Copy out the entire listing precisely.

Task data
▶
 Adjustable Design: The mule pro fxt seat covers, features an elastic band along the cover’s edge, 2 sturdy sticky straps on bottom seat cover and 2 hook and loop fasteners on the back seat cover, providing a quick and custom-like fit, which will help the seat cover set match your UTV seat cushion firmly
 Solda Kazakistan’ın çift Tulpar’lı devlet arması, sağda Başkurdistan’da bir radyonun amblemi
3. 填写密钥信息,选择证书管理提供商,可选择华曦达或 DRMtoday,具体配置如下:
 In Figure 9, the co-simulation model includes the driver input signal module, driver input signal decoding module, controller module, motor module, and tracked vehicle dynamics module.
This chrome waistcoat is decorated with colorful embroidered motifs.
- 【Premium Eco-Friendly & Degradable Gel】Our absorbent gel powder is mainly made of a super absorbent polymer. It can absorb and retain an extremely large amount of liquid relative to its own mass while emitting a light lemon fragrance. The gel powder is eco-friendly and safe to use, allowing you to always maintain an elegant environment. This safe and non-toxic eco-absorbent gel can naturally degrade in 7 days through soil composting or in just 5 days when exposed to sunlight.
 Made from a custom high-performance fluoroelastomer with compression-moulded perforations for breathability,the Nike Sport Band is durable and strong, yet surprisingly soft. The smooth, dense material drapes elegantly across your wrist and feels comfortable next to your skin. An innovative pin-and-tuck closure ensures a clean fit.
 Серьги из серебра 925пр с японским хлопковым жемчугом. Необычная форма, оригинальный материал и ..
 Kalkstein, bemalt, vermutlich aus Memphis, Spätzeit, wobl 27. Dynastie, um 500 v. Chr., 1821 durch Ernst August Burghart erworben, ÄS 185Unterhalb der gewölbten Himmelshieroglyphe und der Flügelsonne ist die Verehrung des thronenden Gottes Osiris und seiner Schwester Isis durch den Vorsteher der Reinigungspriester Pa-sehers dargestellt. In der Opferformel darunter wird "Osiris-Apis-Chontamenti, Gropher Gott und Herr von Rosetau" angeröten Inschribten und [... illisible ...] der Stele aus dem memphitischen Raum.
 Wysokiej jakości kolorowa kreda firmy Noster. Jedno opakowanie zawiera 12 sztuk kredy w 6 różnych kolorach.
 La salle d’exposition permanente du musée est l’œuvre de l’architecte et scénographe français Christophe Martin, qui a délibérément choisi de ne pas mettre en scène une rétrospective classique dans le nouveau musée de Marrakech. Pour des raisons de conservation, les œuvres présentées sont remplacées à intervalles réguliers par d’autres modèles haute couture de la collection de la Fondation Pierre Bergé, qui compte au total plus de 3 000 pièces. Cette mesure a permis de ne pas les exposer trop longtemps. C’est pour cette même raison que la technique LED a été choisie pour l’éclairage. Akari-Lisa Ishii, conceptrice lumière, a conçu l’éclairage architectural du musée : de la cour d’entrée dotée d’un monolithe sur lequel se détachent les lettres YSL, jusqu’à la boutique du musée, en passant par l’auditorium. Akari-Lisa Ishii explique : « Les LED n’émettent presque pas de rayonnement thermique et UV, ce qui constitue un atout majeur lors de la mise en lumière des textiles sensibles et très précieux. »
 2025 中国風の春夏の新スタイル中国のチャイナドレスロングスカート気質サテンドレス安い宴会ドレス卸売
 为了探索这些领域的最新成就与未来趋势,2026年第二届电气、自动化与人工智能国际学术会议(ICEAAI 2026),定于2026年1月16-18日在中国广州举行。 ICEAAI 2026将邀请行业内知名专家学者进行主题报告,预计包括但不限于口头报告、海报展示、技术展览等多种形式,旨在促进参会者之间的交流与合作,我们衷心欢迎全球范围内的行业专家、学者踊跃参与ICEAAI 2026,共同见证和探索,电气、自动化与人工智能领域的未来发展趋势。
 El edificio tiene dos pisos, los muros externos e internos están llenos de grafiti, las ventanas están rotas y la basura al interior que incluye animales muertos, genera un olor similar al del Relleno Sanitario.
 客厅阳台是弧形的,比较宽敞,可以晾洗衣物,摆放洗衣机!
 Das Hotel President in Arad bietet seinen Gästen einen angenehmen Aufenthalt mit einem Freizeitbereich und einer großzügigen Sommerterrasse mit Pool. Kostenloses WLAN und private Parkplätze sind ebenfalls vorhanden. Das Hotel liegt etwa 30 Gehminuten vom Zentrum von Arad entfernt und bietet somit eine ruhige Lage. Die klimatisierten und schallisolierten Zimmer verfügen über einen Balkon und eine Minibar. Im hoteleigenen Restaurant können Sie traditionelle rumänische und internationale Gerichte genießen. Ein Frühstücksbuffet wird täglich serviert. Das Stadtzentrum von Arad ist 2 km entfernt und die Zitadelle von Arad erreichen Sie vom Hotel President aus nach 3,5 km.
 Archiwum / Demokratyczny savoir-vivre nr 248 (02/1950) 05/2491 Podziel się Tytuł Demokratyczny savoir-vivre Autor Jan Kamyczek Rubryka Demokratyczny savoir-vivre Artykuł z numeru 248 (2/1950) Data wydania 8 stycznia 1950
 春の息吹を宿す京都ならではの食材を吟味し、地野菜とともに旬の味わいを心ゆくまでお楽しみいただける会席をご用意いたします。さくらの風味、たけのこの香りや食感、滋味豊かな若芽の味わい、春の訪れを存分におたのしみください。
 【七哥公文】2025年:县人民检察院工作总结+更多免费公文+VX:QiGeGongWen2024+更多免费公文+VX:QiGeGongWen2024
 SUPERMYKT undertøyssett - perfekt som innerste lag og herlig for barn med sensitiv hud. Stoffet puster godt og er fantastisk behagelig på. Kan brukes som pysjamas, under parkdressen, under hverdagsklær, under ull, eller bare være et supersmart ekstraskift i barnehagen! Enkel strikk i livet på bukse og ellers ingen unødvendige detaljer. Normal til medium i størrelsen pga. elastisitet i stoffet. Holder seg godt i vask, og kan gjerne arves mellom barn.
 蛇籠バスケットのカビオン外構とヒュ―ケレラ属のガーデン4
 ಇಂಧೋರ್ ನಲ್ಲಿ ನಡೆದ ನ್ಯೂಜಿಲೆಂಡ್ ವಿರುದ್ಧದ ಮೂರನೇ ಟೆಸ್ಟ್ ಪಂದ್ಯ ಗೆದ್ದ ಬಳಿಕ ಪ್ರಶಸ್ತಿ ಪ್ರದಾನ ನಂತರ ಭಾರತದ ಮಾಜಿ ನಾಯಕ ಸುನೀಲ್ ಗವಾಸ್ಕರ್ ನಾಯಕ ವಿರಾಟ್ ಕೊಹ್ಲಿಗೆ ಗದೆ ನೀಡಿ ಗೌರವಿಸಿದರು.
◀
Exercise response
 Adjustable Design: The mule pro fxt seat covers, features an elastic band along the cover’s edge, 2 sturdy sticky straps on bottom seat cover and 2 hook and loop fasteners on the back seat cover, providing a quick and custom-like fit, which will help the seat cover set match your UTV seat cushion firmly
 Solda Kazakistan’ın çift Tulpar’lı devlet arması, sağda Başkurdistan’da bir radyonun amblemi
3. 填写密钥信息,选择证书管理提供商,可选择华曦达或 DRMtoday,具体配置如下:
 In Figure 9, the co-simulation model includes the driver input signal module, driver input signal decoding module, controller module, motor module, and tracked vehicle dynamics module.
This chrome waistcoat is decorated with colorful embroidered motifs.
- 【Premium Eco-Friendly & Degradable Gel】Our absorbent gel powder is mainly made of a super absorbent polymer. It can absorb and retain an extremely large amount of liquid relative to its own mass while emitting a light lemon fragrance. The gel powder is eco-friendly and safe to use, allowing you to always maintain an elegant environment. This safe and non-toxic eco-absorbent gel can naturally degrade in 7 days through soil composting or in just 5 days when exposed to sunlight.
 Made from a custom high-performance fluoroelastomer with compression-moulded perforations for breathability,the Nike Sport Band is durable and strong, yet surprisingly soft. The smooth, dense material drapes elegantly across your wrist and feels comfortable next to your skin. An innovative pin-and-tuck closure ensures a clean fit.
 Серьги из серебра 925пр с японским хлопковым жемчугом. Необычная форма, оригинальный материал и ..
 Kalkstein, bemalt, vermutlich aus Memphis, Spätzeit, wobl 27. Dynastie, um 500 v. Chr., 1821 durch Ernst August Burghart erworben, ÄS 185Unterhalb der gewölbten Himmelshieroglyphe und der Flügelsonne ist die Verehrung des thronenden Gottes Osiris und seiner Schwester Isis durch den Vorsteher der Reinigungspriester Pa-sehers dargestellt. In der Opferformel darunter wird "Osiris-Apis-Chontamenti, Gropher Gott und Herr von Rosetau" angeröten Inschribten und [... illisible ...] der Stele aus dem memphitischen Raum.
 Wysokiej jakości kolorowa kreda firmy Noster. Jedno opakowanie zawiera 12 sztuk kredy w 6 różnych kolorach.
 La salle d’exposition permanente du musée est l’œuvre de l’architecte et scénographe français Christophe Martin, qui a délibérément choisi de ne pas mettre en scène une rétrospective classique dans le nouveau musée de Marrakech. Pour des raisons de conservation, les œuvres présentées sont remplacées à intervalles réguliers par d’autres modèles haute couture de la collection de la Fondation Pierre Bergé, qui compte au total plus de 3 000 pièces. Cette mesure a permis de ne pas les exposer trop longtemps. C’est pour cette même raison que la technique LED a été choisie pour l’éclairage. Akari-Lisa Ishii, conceptrice lumière, a conçu l’éclairage architectural du musée : de la cour d’entrée dotée d’un monolithe sur lequel se détachent les lettres YSL, jusqu’à la boutique du musée, en passant par l’auditorium. Akari-Lisa Ishii explique : « Les LED n’émettent presque pas de rayonnement thermique et UV, ce qui constitue un atout majeur lors de la mise en lumière des textiles sensibles et très précieux. »
 2025 中国風の春夏の新スタイル中国のチャイナドレスロングスカート気質サテンドレス安い宴会ドレス卸売
 为了探索这些领域的最新成就与未来趋势,2026年第二届电气、自动化与人工智能国际学术会议(ICEAAI 2026),定于2026年1月16-18日在中国广州举行。 ICEAAI 2026将邀请行业内知名专家学者进行主题报告,预计包括但不限于口头报告、海报展示、技术展览等多种形式,旨在促进参会者之间的交流与合作,我们衷心欢迎全球范围内的行业专家、学者踊跃参与ICEAAI 2026,共同见证和探索,电气、自动化与人工智能领域的未来发展趋势。
 El edificio tiene dos pisos, los muros externos e internos están llenos de grafiti, las ventanas están rotas y la basura al interior que incluye animales muertos, genera un olor similar al del Relleno Sanitario.
 客厅阳台是弧形的,比较宽敞,可以晾洗衣物,摆放洗衣机!
 Das Hotel President in Arad bietet seinen Gästen einen angenehmen Aufenthalt mit einem Freizeitbereich und einer großzügigen Sommerterrasse mit Pool. Kostenloses WLAN und private Parkplätze sind ebenfalls vorhanden. Das Hotel liegt etwa 30 Gehminuten vom Zentrum von Arad entfernt und bietet somit eine ruhige Lage. Die klimatisierten und schallisolierten Zimmer verfügen über einen Balkon und eine Minibar. Im hoteleigenen Restaurant können Sie traditionelle rumänische und internationale Gerichte genießen. Ein Frühstücksbuffet wird täglich serviert. Das Stadtzentrum von Arad ist 2 km entfernt und die Zitadelle von Arad erreichen Sie vom Hotel President aus nach 3,5 km.
 Archiwum / Demokratyczny savoir-vivre nr 248 (02/1950) 05/2491 Podziel się Tytuł Demokratyczny savoir-vivre Autor Jan Kamyczek Rubryka Demokratyczny savoir-vivre Artykuł z numeru 248 (2/1950) Data wydania 8 stycznia 1950
 春の息吹を宿す京都ならではの食材を吟味し、地野菜とともに旬の味わいを心ゆくまでお楽しみいただける会席をご用意いたします。さくらの風味、たけのこの香りや食感、滋味豊かな若芽の味わい、春の訪れを存分におたのしみください。
 【七哥公文】2025年:县人民检察院工作总结+更多免费公文+VX:QiGeGongWen2024+更多免费公文+VX:QiGeGongWen2024
 SUPERMYKT undertøyssett - perfekt som innerste lag og herlig for barn med sensitiv hud. Stoffet puster godt og er fantastisk behagelig på. Kan brukes som pysjamas, under parkdressen, under hverdagsklær, under ull, eller bare være et supersmart ekstraskift i barnehagen! Enkel strikk i livet på bukse og ellers ingen unødvendige detaljer. Normal til medium i størrelsen pga. elastisitet i stoffet. Holder seg godt i vask, og kan gjerne arves mellom barn.
 蛇籠バスケットのカビオン外構とヒュ―ケレラ属のガーデン4
 ಇಂಧೋರ್ ನಲ್ಲಿ ನಡೆದ ನ್ಯೂಜಿಲೆಂಡ್ ವಿರುದ್ಧದ ಮೂರನೇ ಟೆಸ್ಟ್ ಪಂದ್ಯ ಗೆದ್ದ ಬಳಿಕ ಪ್ರಶಸ್ತಿ ಪ್ರದಾನ ನಂತರ ಭಾರತದ ಮಾಜಿ ನಾಯಕ ಸುನೀಲ್ ಗವಾಸ್ಕರ್ ನಾಯಕ ವಿರಾಟ್ ಕೊಹ್ಲಿಗೆ ಗದೆ ನೀಡಿ ಗೌರವಿಸಿದರು.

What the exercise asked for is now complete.